Wrong. The mobilization for World War II produced one of the most remarkable success stories in US economic history. War production not only overcame lingering weaknesses from the Great Depression but transformed the economic system into the modern powerhouse that became the platform for our long-running postwar prosperity. All this was achieved by the government, largely with borrowed money. By war’s end Washington had piled up federal debt totaling around 120 percent of annual GDP (nearly double today’s debt level).
During the wartime emergency the government took charge of the economy and rapidly shifted the industrial system to armaments while suppressing domestic consumption. Deficit spending force-fed the rapid development of new technologies and new basic industries. In a few short years, economic output expanded by about 75 percent. Despite rationing and wage and price controls, Americans at large were replenished: per capita income rose by almost 70 percent (with industrial jobs opened to women and blacks), and since people could not consume much, the savings rate reached extraordinary levels–23 percent of incomes. The government borrowed these savings and spent them in the national interest. The store of personal savings fueled the pent-up consumer demand driving postwar prosperity.

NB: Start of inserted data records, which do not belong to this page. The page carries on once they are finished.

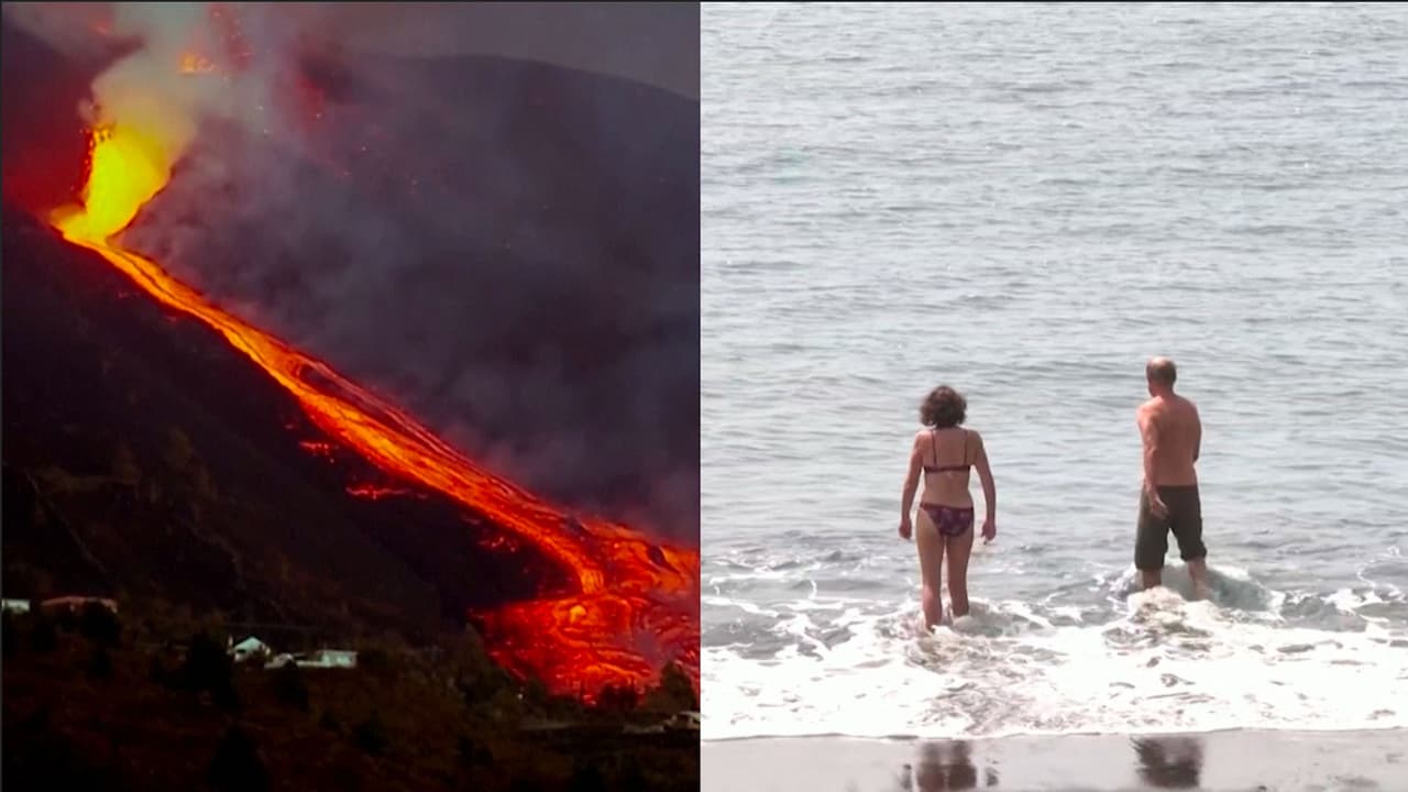 Un peligroso contraste: mientras un volcán arrasa con una isla, estos los bañistas disfrutan de sus playas
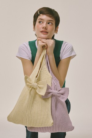 Ribbon Knit Shoulder Bag Butter Beige
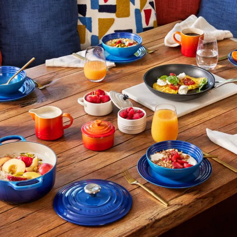 Unn deg dette nydelige sidefatet, eller overrask en matelsker. Omhyggelig fremstilt, med en senket base som holder alle de deilige væskene på tallerkenen. Stilig og praktisk, med en distinkt Le Creuset-kant ? de tre ikoniske ringene fanger oppmerksomheten umiddelbart.
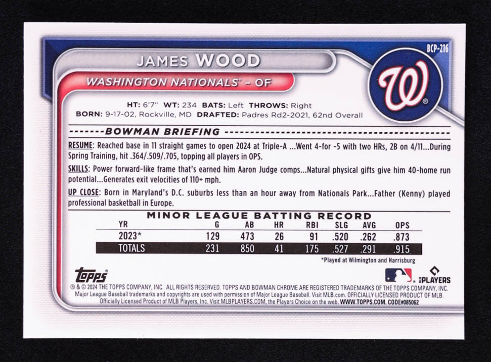 James Wood 2024 Bowman Chrome Sapphire Prospects Gold Refractors #BCP216 #37/50 RC

What Greider can’t seem to understand–and what his dime store Keynesian worldview won’t allow–is that the post-war United States did so well because nearly every other major developed economy was literally bombed out. It is easy to do comparatively well when your international competition is a pile of rubble and/or under the thumb of a totalitarian superpower. The Bretton Woods system established in 1945 required member states, among other things, to accept the dollar as the reserve currency and the United States spent decades providing liquidity to war-torn Western Europe. Furthermore, this system–which assumed U.S. economic hegemony–coupled with the reckless fiscal policies of future American administrations, was largely responsible for the severe economic problems experienced during 1970s. Great, right?
But it gets worse. Here’s his advice for the Obama administration:
Let’s hope President Obama and the political community brush aside the deficit hysteria and do what they need to do to restore the economy: that is, spend more money–a lot more money–and run up even larger deficits for some years to come. [original emphasis, original italics bolded due to formatting limitations]
Unfortunately, Greider probably doesn’t have to worry about not getting his wish (PDF).